▶ [WORK TASK]:
Nothing in the copy should be a picture; everything else in the listing is to be restated exactly.

═════ DATA SUPPLIED

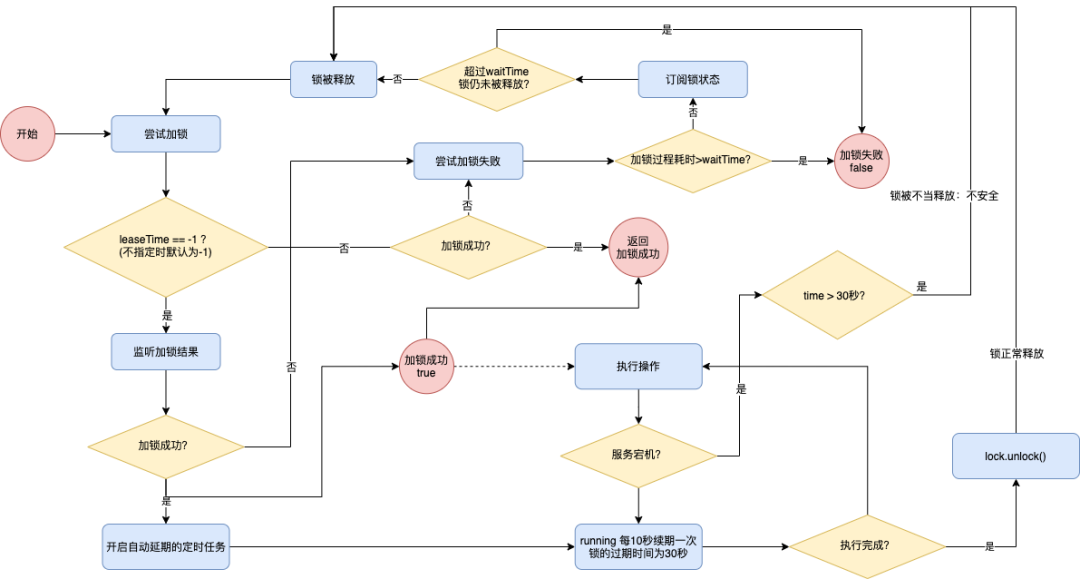 而当我们指定 leaseTime 时,我们可以看出来前面的代码不会走到定时续期锁的逻辑,这时表示:成功获取到锁后,在 leaseTime 后,如果锁仍没有被服务主动释放,锁将自动过期,而不会管持有锁的线程有没有完成对应的操作,相当于在持有所得服务执行了比较耗时的任务且未完成时,这时锁已经被释放,这时候自然也是不安全的。上面两段代码的流程如下:
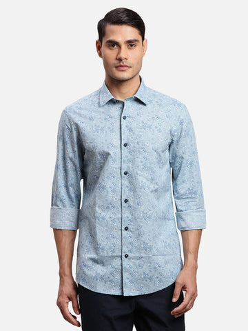 Colorplus Men Blue Printed Tailored Fit Cotton Casual Shirt
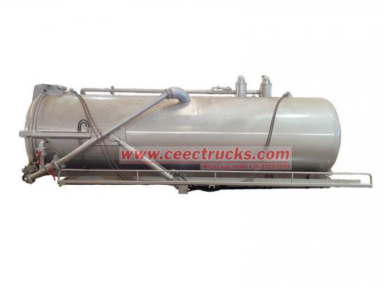 Op maat gemaakte 3000 gallons rioolwaterzuigtankwagenopbouw (ook wel slibvacuümpomp tankwagenopbouw genoemd, 12cbm vacuümzuigpompwagenset, bovenbouwset voor rioolwaterzuigwagen, 3000 gallons kolkenzuiger vacuümwagenbovenbouw, bovenbouw voor rioolwatertankwagen) Wordt op een chassis gemonteerd om vloeistoffen zoals vuil water, slib, septische tanks en ruwe olie te reinigen en op te vangen. Geschikt voor het reinigen van riolen, beerputten, beerputten, kolken, enz. Het wordt veel gebruikt in de milieu- en sanitaire sector.
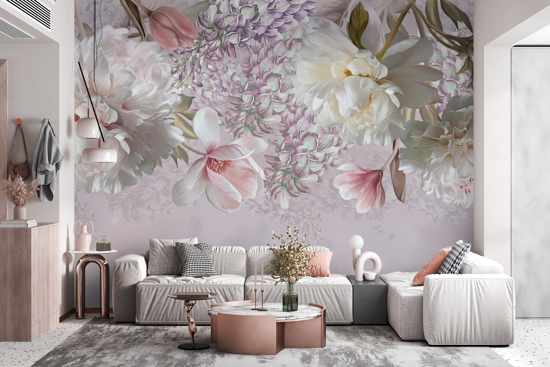 Wall murals Delicate blossoms in soft hues (SKU: w02406)
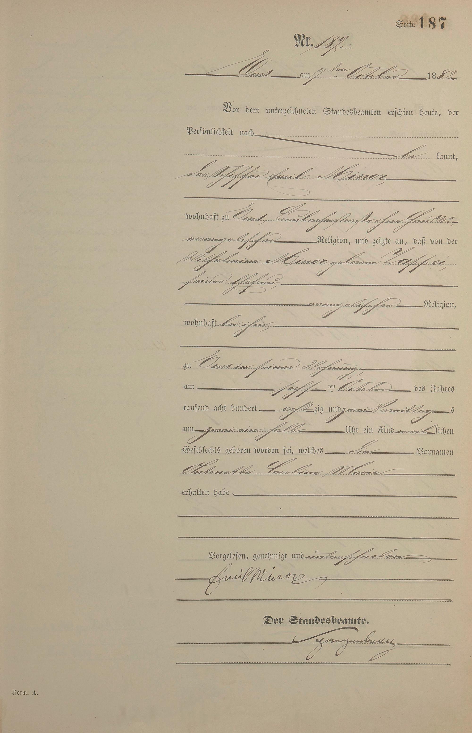 Geburtsregister 1882
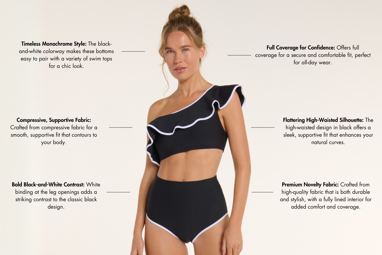 Elevate your swim style with our Mackenzie Sculpted High-Waisted Bottoms, featuring a sleek black-and-white colorblock design
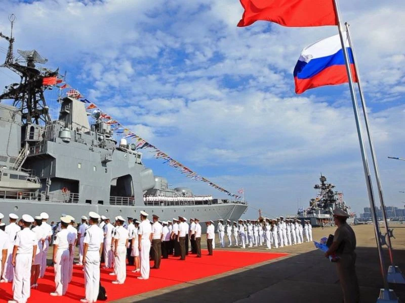 Ảnh công bố ngày 12-9-2016 cho thấy các sĩ quan và thủy thủ của quân đội Trung Quốc tham gia lễ đón một tàu chiến Nga tới thăm cảng ở TP Trạm Giang, tỉnh Quảng Đông. Ảnh: TÂN HOA XÃ
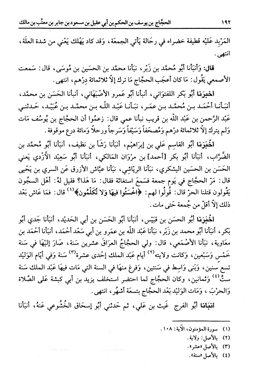 المربد عليه قطيفة خضراء في رحالة يأتي الجمعة وقد كاد يهلك يعني من شدة العلة انتهى قال وأنبأنا أبو محمد بن زبر نبأنا محمد بن الحسين بن موسى قال سمعت الأصمعي يقول ما كان اعجب الحجاج ما ترك إلا ثلاثمائة درهم انتهى اخبرنا أبو بكر اللفتواني أنبأنا أبو عمرو الاصبهاني أنبأنا الحسن بن محمد أنبأنا احمد بن محمد بن عمر نبأنا عبد الله بن محمد بن عبيد حدثني عبد الرحمن بن عبد الله بن قريب نبأنا عمي قال زعموا أن الحجاج بن يوسف مات ولم يترك إلا ثلاثمائة درهم ومصحفا وسيفا وسرجا ورحلا ومائة درع موقوفة اخبرنا أبو القاسم علي بن إبراهيم أنبأنا رشأ بن نظيف أنبأنا أبو محمد الضراب أنبأنا أبو بكر احمد بن مروان المالكي أنبأنا أبو سعيد الازدي يعني الحسن بن الحسين اليشكري نبأنا الرياشي نبأنا عياش الازرق عن السري ين يحيى قال مر الحجاج في يوم جمعة فسمع استغاثة فقال ما هذا فقيل له أهل السجون يقولون قتلنا الحر قال قولوا لهم " اخسئوا فيها ولا تكلمون " (1) قال فما عاش بعد ذلك إلا اقل من جمعة حتى مات اخبرنا أبو الحسن بن قبيس أنبأنا أبو الحسن بن أبي الحديد أنبأنا جدي أبو بكر أنبأنا أبو محمد بن زبر نبأنا عبد الله بن عمرو بن أبي سعد احمد أنبأنا احمد بن معاوية نبأنا الأصمعي قال ولي الحجاج العراق عشرين سنة صار إليها في سنة خمس وسبعين وكانت ولايته (2) أيام عبد الملك إحدى عشرة (3) سنة وفي أيام الوليد تسع سنين وبنى واسط في سنتين وفرغ منها في السنة التي مات فيها عبد الملك سنة ست (4) وثمانين وكان الحجاج لما احتضر استخلف يزيد بن أبي كبشة على الصلاة والحرب ومات الوليد بعد الحجاج بتسعة اشهر انتهى أنبأنا ومات أبو الفرج غيث بن علي ثم حدثني أبو إسحاق الخشوعي عنه أنبأنا
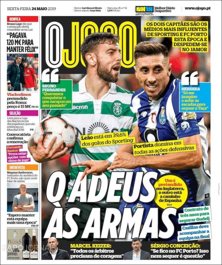 Bruno Fernandes (Sporting de Lisboa) y Héctor Herrera (Porto) se despedirán de sus respectivos equipos, luego de que disputen su último juego en Portugal en la Final de Copa. (O Jogo)

══════════

▶ [WRITTEN REPLY]:
 而当我们指定 leaseTime 时,我们可以看出来前面的代码不会走到定时续期锁的逻辑,这时表示:成功获取到锁后,在 leaseTime 后,如果锁仍没有被服务主动释放,锁将自动过期,而不会管持有锁的线程有没有完成对应的操作,相当于在持有所得服务执行了比较耗时的任务且未完成时,这时锁已经被释放,这时候自然也是不安全的。上面两段代码的流程如下:
 Colorplus Men Blue Printed Tailored Fit Cotton Casual Shirt
 Op maat gemaakte 3000 gallons rioolwaterzuigtankwagenopbouw (ook wel slibvacuümpomp tankwagenopbouw genoemd, 12cbm vacuümzuigpompwagenset, bovenbouwset voor rioolwaterzuigwagen, 3000 gallons kolkenzuiger vacuümwagenbovenbouw, bovenbouw voor rioolwatertankwagen) Wordt op een chassis gemonteerd om vloeistoffen zoals vuil water, slib, septische tanks en ruwe olie te reinigen en op te vangen. Geschikt voor het reinigen van riolen, beerputten, beerputten, kolken, enz. Het wordt veel gebruikt in de milieu- en sanitaire sector.
 Wall murals Delicate blossoms in soft hues (SKU: w02406)
 Geburtsregister 1882
 Elevate your swim style with our Mackenzie Sculpted High-Waisted Bottoms, featuring a sleek black-and-white colorblock design
 Ảnh công bố ngày 12-9-2016 cho thấy các sĩ quan và thủy thủ của quân đội Trung Quốc tham gia lễ đón một tàu chiến Nga tới thăm cảng ở TP Trạm Giang, tỉnh Quảng Đông. Ảnh: TÂN HOA XÃ
 المربد عليه قطيفة خضراء في رحالة يأتي الجمعة وقد كاد يهلك يعني من شدة العلة انتهى قال وأنبأنا أبو محمد بن زبر نبأنا محمد بن الحسين بن موسى قال سمعت الأصمعي يقول ما كان اعجب الحجاج ما ترك إلا ثلاثمائة درهم انتهى اخبرنا أبو بكر اللفتواني أنبأنا أبو عمرو الاصبهاني أنبأنا الحسن بن محمد أنبأنا احمد بن محمد بن عمر نبأنا عبد الله بن محمد بن عبيد حدثني عبد الرحمن بن عبد الله بن قريب نبأنا عمي قال زعموا أن الحجاج بن يوسف مات ولم يترك إلا ثلاثمائة درهم ومصحفا وسيفا وسرجا ورحلا ومائة درع موقوفة اخبرنا أبو القاسم علي بن إبراهيم أنبأنا رشأ بن نظيف أنبأنا أبو محمد الضراب أنبأنا أبو بكر احمد بن مروان المالكي أنبأنا أبو سعيد الازدي يعني الحسن بن الحسين اليشكري نبأنا الرياشي نبأنا عياش الازرق عن السري ين يحيى قال مر الحجاج في يوم جمعة فسمع استغاثة فقال ما هذا فقيل له أهل السجون يقولون قتلنا الحر قال قولوا لهم " اخسئوا فيها ولا تكلمون " (1) قال فما عاش بعد ذلك إلا اقل من جمعة حتى مات اخبرنا أبو الحسن بن قبيس أنبأنا أبو الحسن بن أبي الحديد أنبأنا جدي أبو بكر أنبأنا أبو محمد بن زبر نبأنا عبد الله بن عمرو بن أبي سعد احمد أنبأنا احمد بن معاوية نبأنا الأصمعي قال ولي الحجاج العراق عشرين سنة صار إليها في سنة خمس وسبعين وكانت ولايته (2) أيام عبد الملك إحدى عشرة (3) سنة وفي أيام الوليد تسع سنين وبنى واسط في سنتين وفرغ منها في السنة التي مات فيها عبد الملك سنة ست (4) وثمانين وكان الحجاج لما احتضر استخلف يزيد بن أبي كبشة على الصلاة والحرب ومات الوليد بعد الحجاج بتسعة اشهر انتهى أنبأنا ومات أبو الفرج غيث بن علي ثم حدثني أبو إسحاق الخشوعي عنه أنبأنا
 Bruno Fernandes (Sporting de Lisboa) y Héctor Herrera (Porto) se despedirán de sus respectivos equipos, luego de que disputen su último juego en Portugal en la Final de Copa. (O Jogo)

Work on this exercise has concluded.